### WORK TO BE COMPLETED
Exclude the pictures, then restate exactly each line of the data below from the first through the line containing "아래처럼 랜덤으로 부여된".

(Data records)
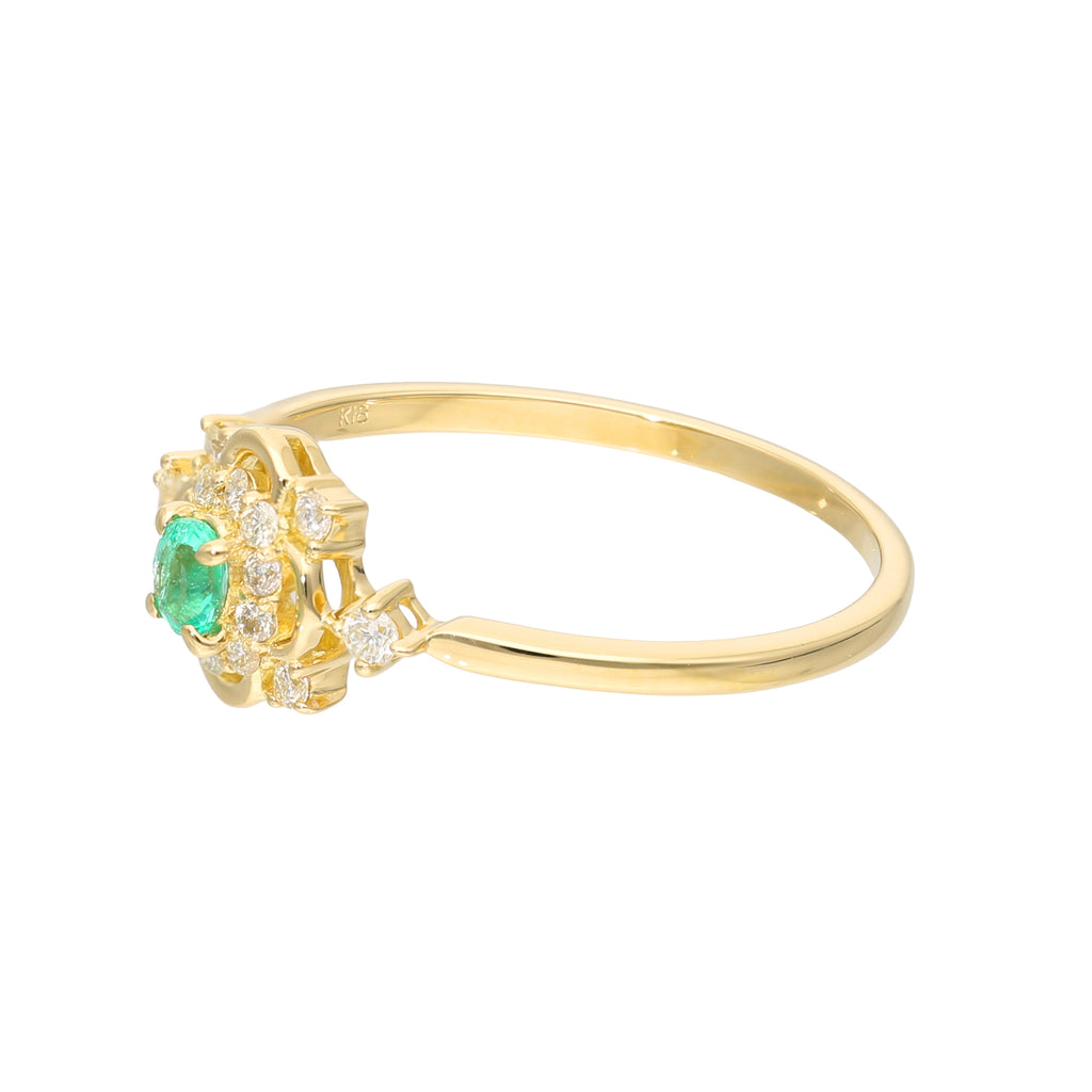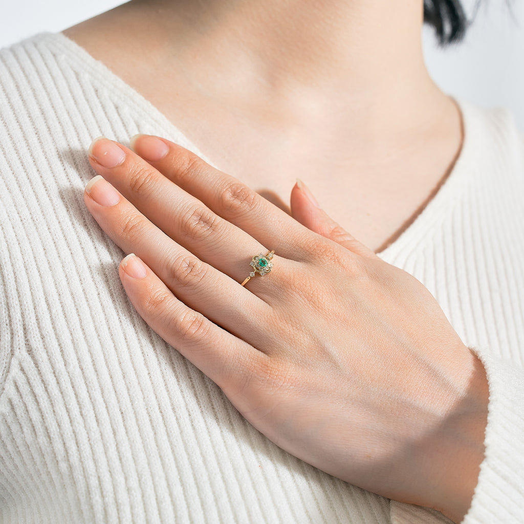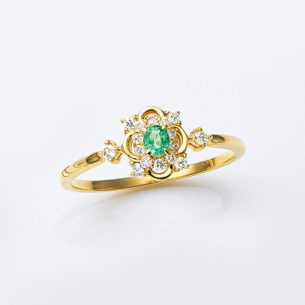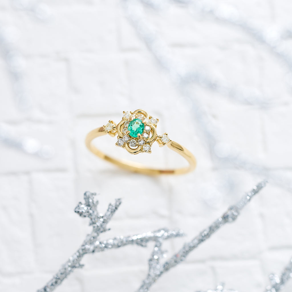 エメラルドの周りをメレダイヤでぐるりと取り巻いて、さらに18金の曲線とメレダイヤで飾った、繊細でクラシカルなデザインです。
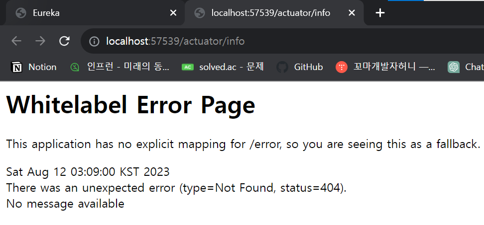 아래처럼 랜덤으로 부여된 57539 포트에서 잘 실행됨을 브라우저에서 확인할 수 있다.
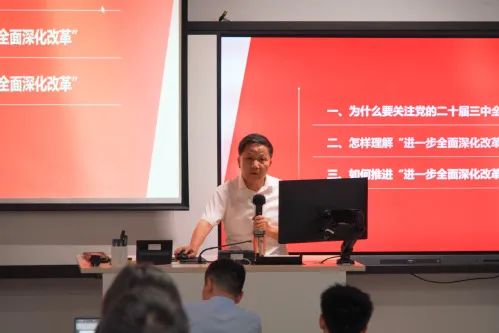 随后,陈信元副校长从“为什么要关注党的二十届三中全会”“怎样理解‘进一步全面深化改革’”“如何推进‘进一步全面深化改革’”三个方面作了精彩解读阐释。陈信元老师以自身参加高考、进入上财学习、工作几十年的感受入手,如数家珍地将上海在改革开放过程中发生的巨大变化娓娓道来,事实表明,改革开放是我们应对各种困难和挑战、取得一切成功和进步的一大法宝、关键一招,面对有效需求不足、部分行业产能过剩、社会预期偏弱、风险隐患仍然较多,国内大循环存在堵点,外部环境的复杂性、严峻性、不确定性上升等新问题新挑战,我们仍然需要进一步全面深化改革。而进一步全面深化改革,就需要特别注重改革目标的总体性、改革领域的全面性、改革机制的系统性。坚持问题导向,深度优化体制机制;坚持以人民为中心,激发社会活力;坚持对外开放,发展新质生产力。
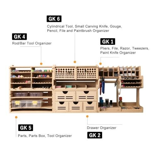 Bucasso plastic model tool organizer transforms clutter into a productive workspace. It stores pliers, tweezers, brushes, screwdrivers, and small parts neatly, expandable with GK components to fit your setup. Durable MDF, easy assembly, ready to create.
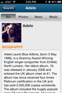 MetroLyrics ne s’arrête pas là puisqu’elle vous permet d’obtenir une biographie rapide du chanteur ou du groupe en question, des photos, des news, ou encore le top 5 de leurs chansons. L’application vous informe également si l’artiste est actuellement en tournée et vous affiche ses dates de concerts. Une vraie mine aux infos sans vous prendre la tête puisque l’application fait automatiquement la recherche pour vous.
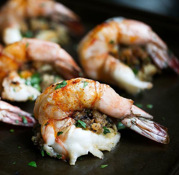 This shrimps with cracker and crab filling serve with parsley and lemon wedges around them.
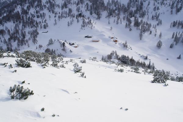 | Im unschwierigen, und von Extremsituationen abgesehen auch weitgehend ziemlich lawinensicheren Aufstiegsgebiet über den latschenbewachsenen Südostrücken des Spirzinger. Tiefblick zur Oberen Pleißlingalm mit der Südwiener Hütte. |
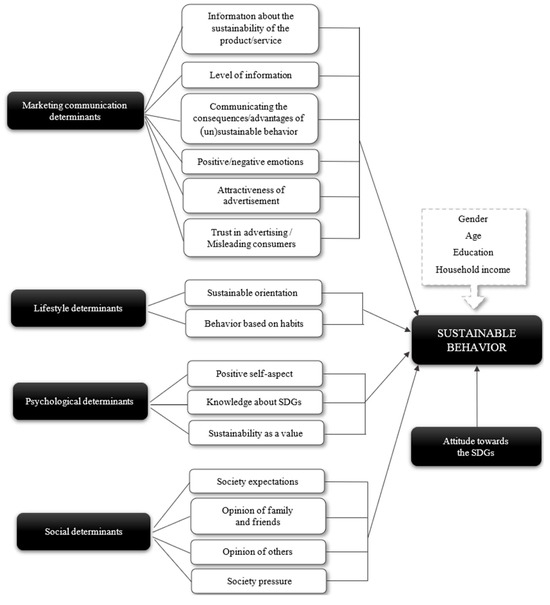 This study has several substantial implications for marketers and the promotion of sustainability and SDGs. The conclusions drawn from the empirical analysis of the determinants of consumers’ sustainable behaviours provide valuable insights that can guide future marketing strategies. First, this study highlights the importance of personal values. To foster such values, marketing communication should address the emotional side of the consumer decision-making process. According to Maheshwari [2], the emotional domain is the key to raising awareness among people. Hence, it is reasonable to assume that advertising green products with emotional content that is in line with consumers’ personal values will be more successful than standard advertising. However, additional research is needed to better understand what contributes to the formation of stronger environmental values. Second, consumers are not aware of SDGs. More than three-quarters of the respondents had never heard of them or had insufficient knowledge of them. Some authors [109] have argued that governments should increase the provision of environmental education to the public and enhance people’s levels of environmental knowledge to (indirectly) encourage pro-environmental behaviours. Even though greater awareness and knowledge do not necessarily promote sustainable behaviour, they modify attitudes, which are positively correlated with behaviours [61]. Third, the social dimension—that is, the opinions of reference groups and societal expectations—emerged as an important determinant in this study. This implies that apart from highlighting environmental benefits, marketing strategies should emphasise that behaving sustainably can enhance one’s image. Highlighting a consumer’s social responsibility and their role in solving sustainability challenges could increase their pro-environmental behaviours. Fourth, marketers should be aware of the importance of trust. Individuals depend on the information provided by marketing communications, which requires consumers’ trust, especially in the case of high levels of uncertainty and low levels of knowledge, as is typical of the domain of environmental risks. The frequency of these communications should also be monitored because they may prove counterproductive. The growing number of sustainability claims in adverts may increase consumer scepticism.
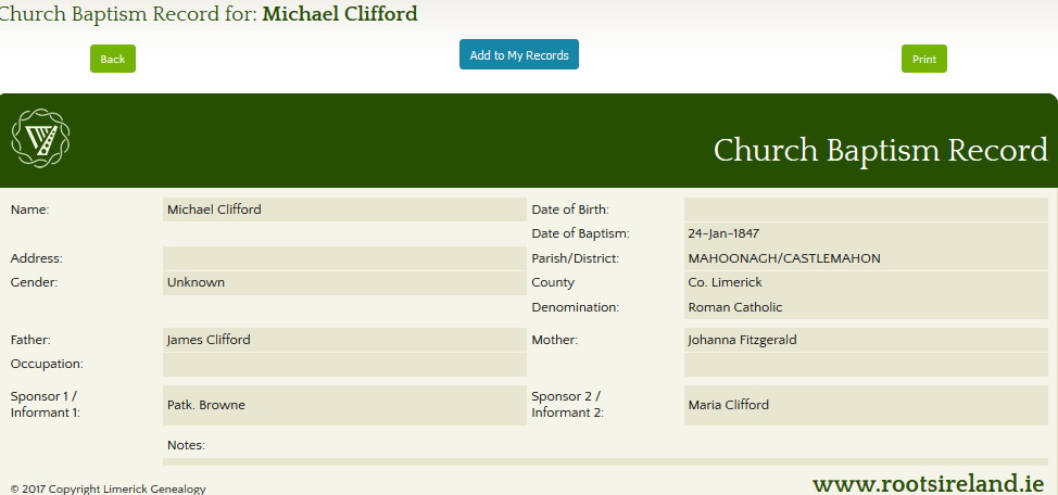 - 1847 – Michael was baptized on Jan 24, 1847. Sponsors Maria Clifford and Patrick Brown
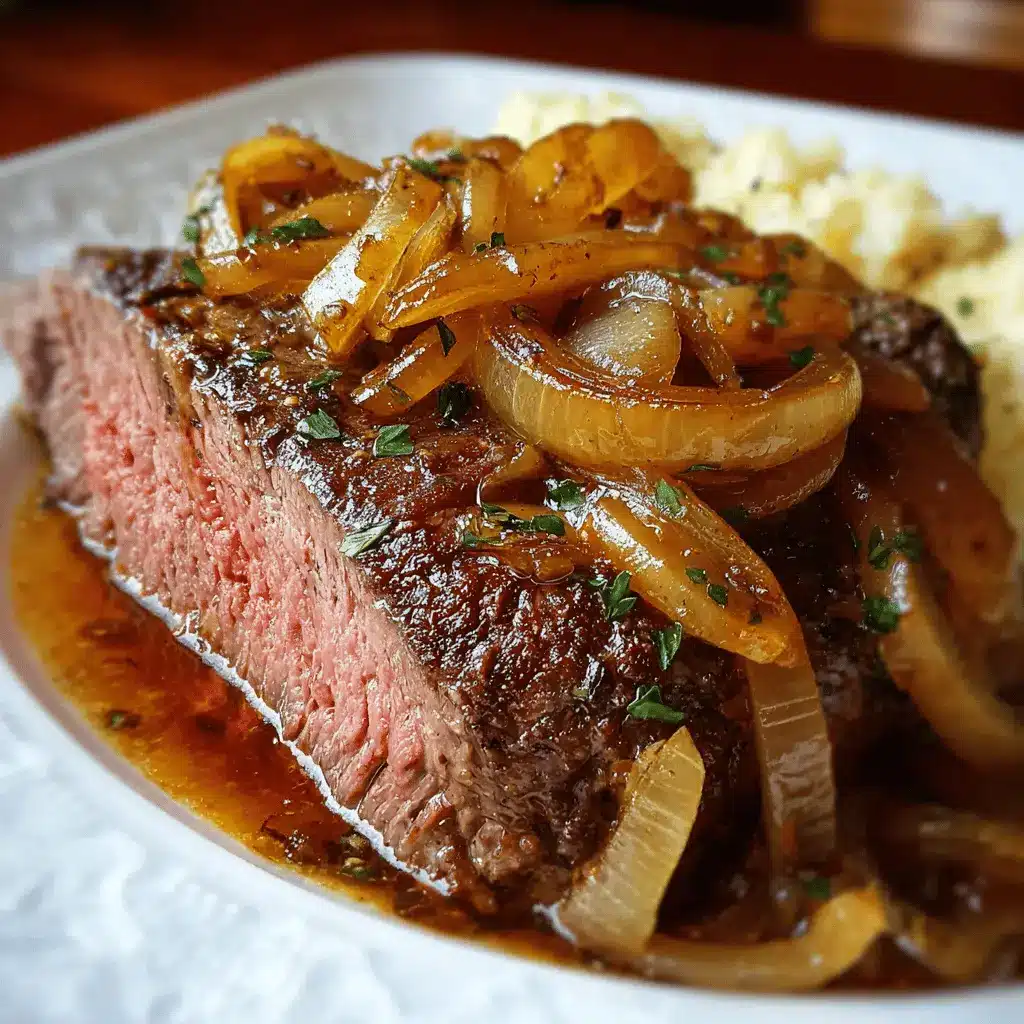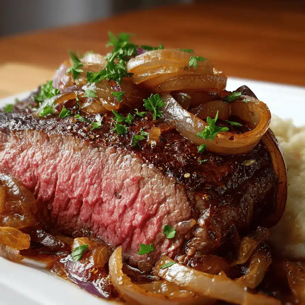 Now, it’s time to bring everything together. Slice your perfectly seared beef against the grain, serving it alongside those beautifully caramelized onions and a generous ladle of gravy. Think about garnishing with freshly chopped parsley or thyme for a pop of color and freshness.
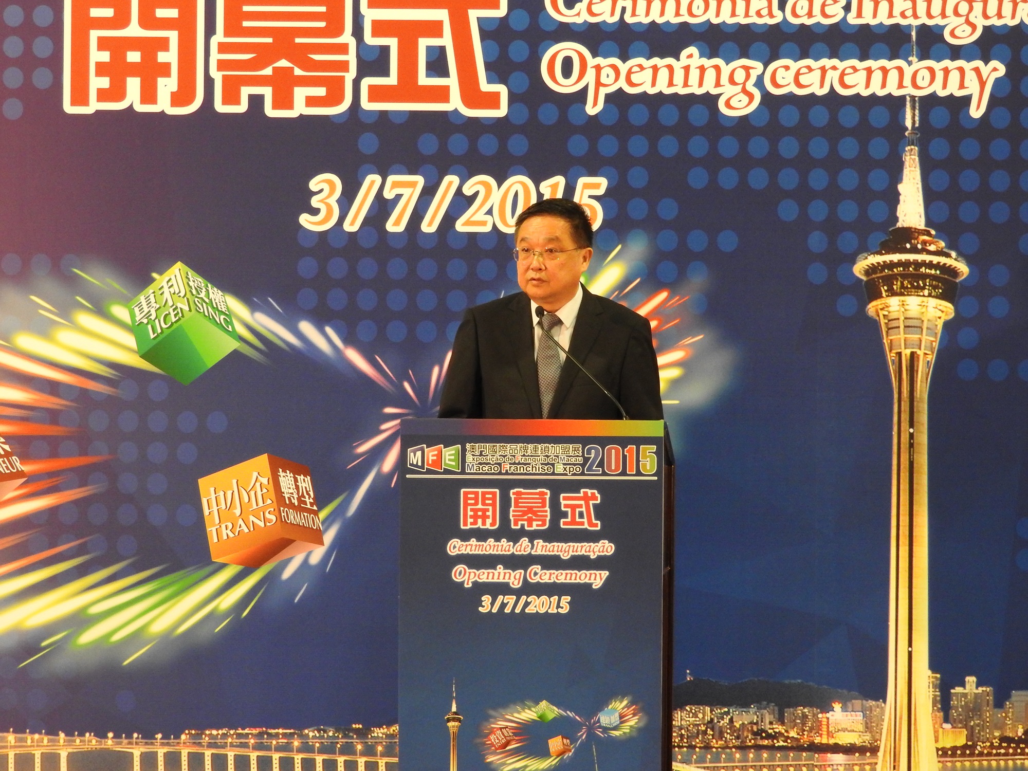 開幕式於今日上午十時舉行,澳門特別行政區經濟財政司司長梁維特、中央人民政府駐澳門特別行政區聯絡辦公室經濟部副部長陳翔、中華人民共和國外交部駐澳門特別行政區特派員公署辦公室副主任郭濤、澳門貿易投資促進局主席張祖榮、澳門特別行政區政府經濟局局長蘇添平、澳門特別行政區政府旅遊局局長文綺華、中國與葡語國家經貿合作論壇常設秘書處秘書長常和喜、澳門中華總商會理事長高開賢、台灣連鎖加盟促進協會理事長李日東、澳門國際品牌企業商會主席蕭婉儀、澳門連鎖加盟商會主席黃仁民、香港專利授權及特許經營協會會長李偉生、葡萄牙特許經營協會理事長Cristina Maria Matos、韓國特許經營協會全北分會會長朴培均主持開幕儀式。儀式後,經濟財政司司長梁維特及各主禮嘉賓參觀展覽,並與參展商交流。
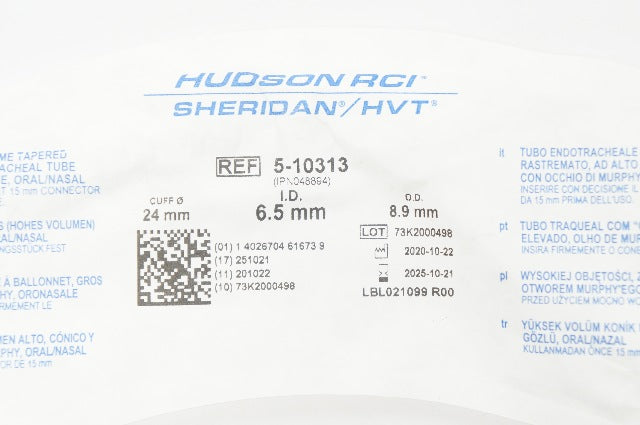 Teleflex 5-10313 HudsonRCI Sheridan HVT Cuffed Tracheal Tube 6.5IDx 8.9OD x 24mm
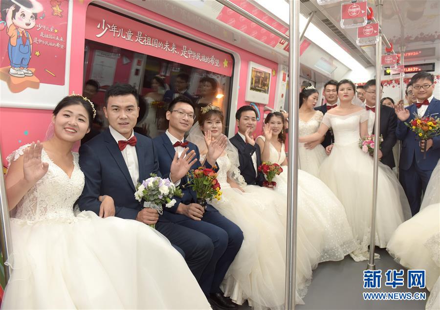10月18日,在合肥市地鐵一號線,新人們準備乘坐地鐵。當(dāng)日,中鐵四局集團城市軌道交通工程分公司的18對新人在安徽合肥地鐵一號線的車廂里舉行了一場集體婚禮儀式。 新華社記者 郭晨 攝
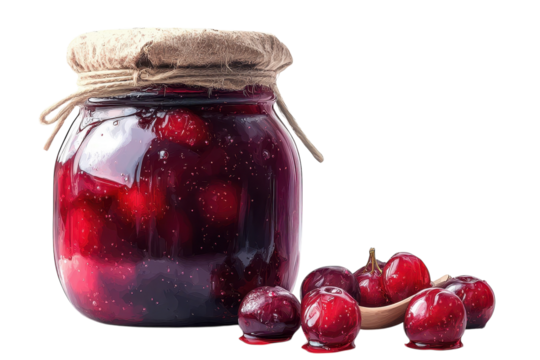 Homemade cherry jam preserves the warmth and sweetness of summer days with a classic jar on transparent background
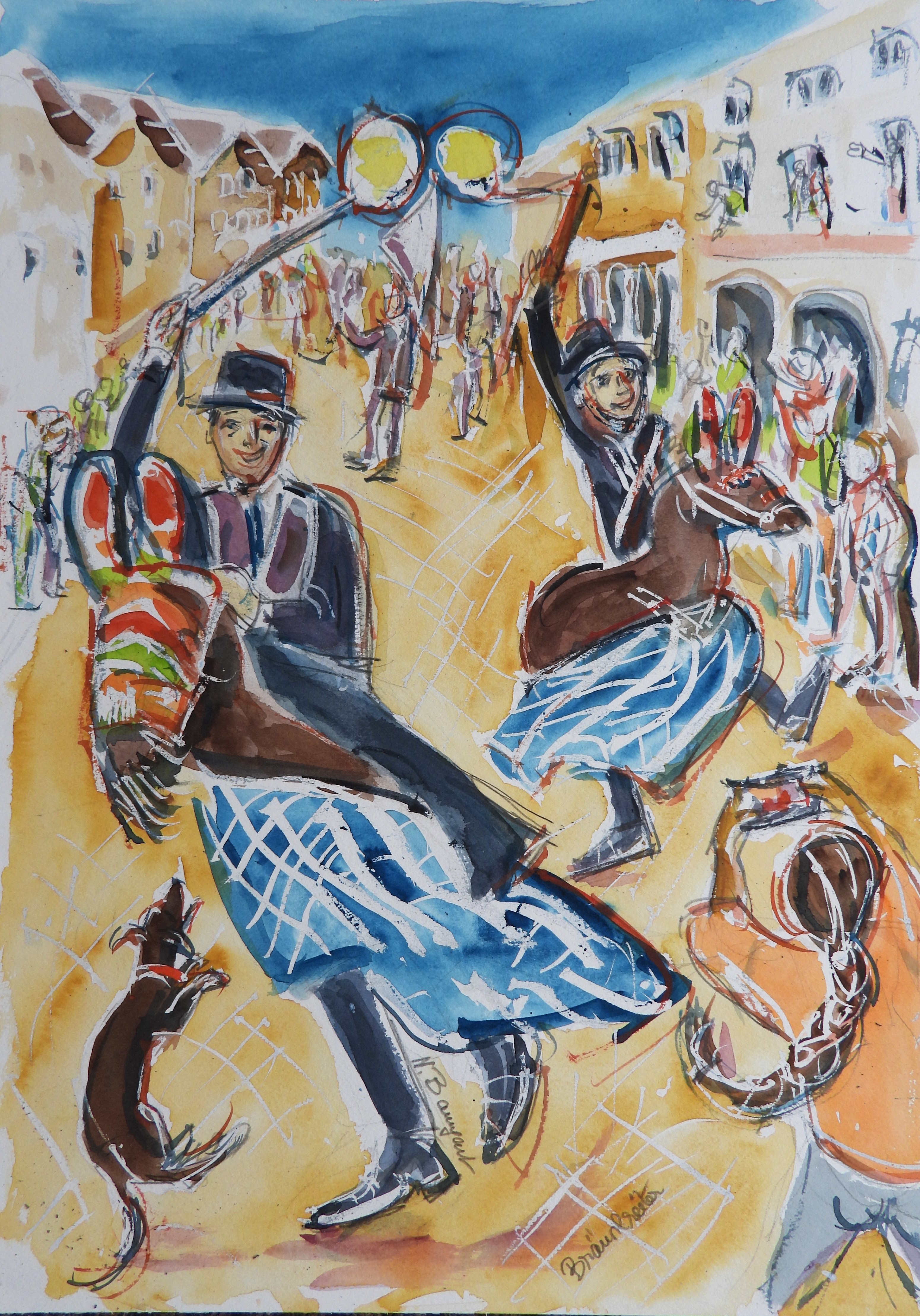 Eine farbenfrohe Wassermalerei, die eine festliche Szenerie zeigt, in der tanzende Figuren in traditioneller Kleidung mit Tuch und Stock dargestellt sind. Im Vordergrund ist ein Hund zu sehen, während im Hintergrund Menschen und historische Gebäude versammelt sind.
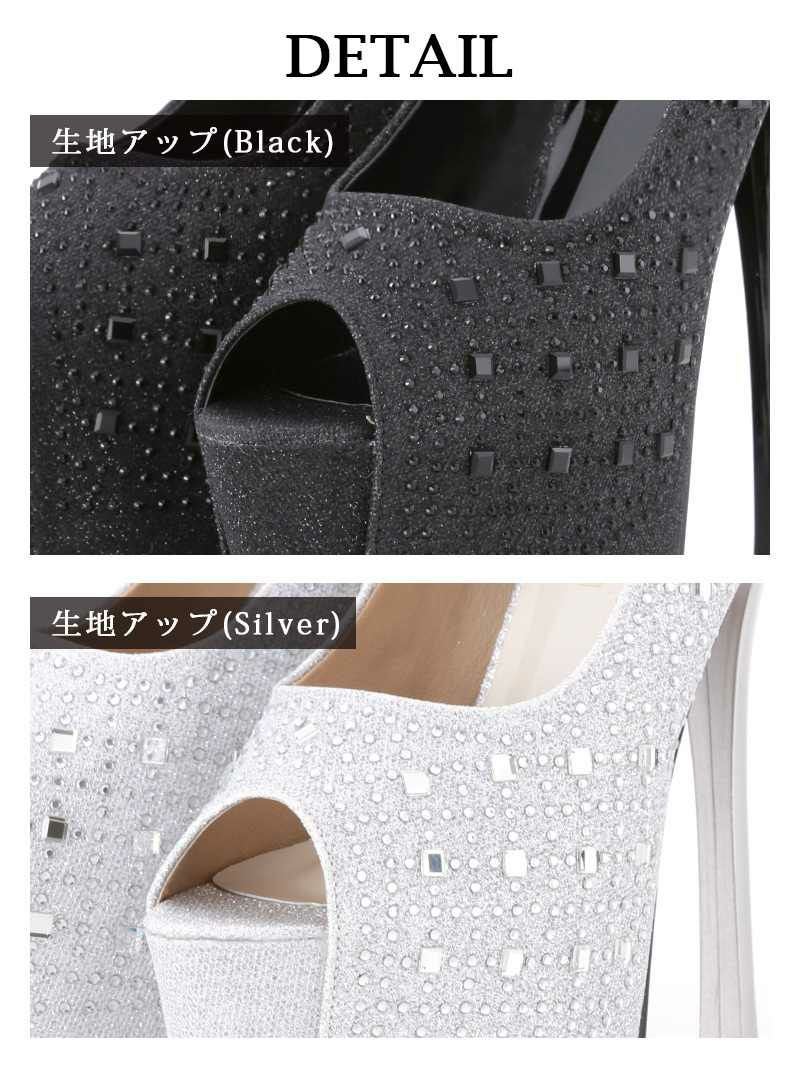 3. 煌ジュエリー美脚オープントゥヒールパンプス 16.0cmヒール【Ryuyu】前厚オープントゥキャバパンプス(XS/S/M/L/XL)(ブラック(赤ソール)/シルバー(赤ソール)/ブラック(黒ソール)/シルバー(黒ソール))

### REPLY
 エメラルドの周りをメレダイヤでぐるりと取り巻いて、さらに18金の曲線とメレダイヤで飾った、繊細でクラシカルなデザインです。
 아래처럼 랜덤으로 부여된 57539 포트에서 잘 실행됨을 브라우저에서 확인할 수 있다.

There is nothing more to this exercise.